Grève du 2 octobre : bilan d'une journée de mobilisation moins suivie que prévu
latribune.fr
Des manifestants marchent à côté des ballons du syndicat CGT lors d'une manifestation à Paris dans le cadre d'une journée de grèves et de protestations nationales contre le gouvernement et les éventuelles mesures d'austérité en France, le 2 octobre 2025.
Ce jeudi, un mouvement social national a affecté les écoles et les transports dans l’Hexagone.
C'est la troisième journée de mobilisation sociale depuis la rentrée organisée pour s'opposer aux pistes d'économies budgétaires et demander plus de justice fiscale. Mais la grève de ce jeudi 2 octobre s'est avérée moins suivie que celle du 18 septembre, avec des taux de grévistes attendus en recul.
Transports
Dans la Capitale, le service est resté normal sur l'ensemble du réseau RATP, à l'exception de quelques perturbations sur le RER B, qui traverse Paris du Nord au Sud.

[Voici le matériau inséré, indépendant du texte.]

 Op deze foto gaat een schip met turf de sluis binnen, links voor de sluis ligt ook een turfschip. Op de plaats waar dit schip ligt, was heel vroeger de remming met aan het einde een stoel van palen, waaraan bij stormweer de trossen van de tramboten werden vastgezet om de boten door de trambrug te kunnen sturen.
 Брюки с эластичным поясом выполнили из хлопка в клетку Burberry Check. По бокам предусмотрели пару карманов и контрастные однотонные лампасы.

Côté SNCF, le trafic des TGV s'est aussi retrouvé à normal jeudi, tandis que « quelques perturbations (sont) à prévoir » sur les TER, RER, Transilien et Intercités.
Dans le secteur aérien, 75 grévistes étaient déclarés et « des retards sont à prévoir » , mais avec « un impact limité », selon le ministère des Transports, qui souligne qu'« aucune perturbation significative n'est à prévoir dans les aéroports parisiens ».
Manifestations
La CGT annonce jeudi « près de 600 000 » manifestants partout en France quand ils n'auraient été que 195 000 selon le ministère de l'Intérieur. Ce, contre plus de 500 000 il y a deux semaines selon la police, la CGT avançant le chiffre d'un million de manifestants.
A Paris, selon la Préfecture de police de Paris, 24 000 personnes ont manifesté.
En dehors des cortèges, quelques rassemblements étaient prévus dès le petit matin sur des ronds-points et à des carrefours, selon la CGT.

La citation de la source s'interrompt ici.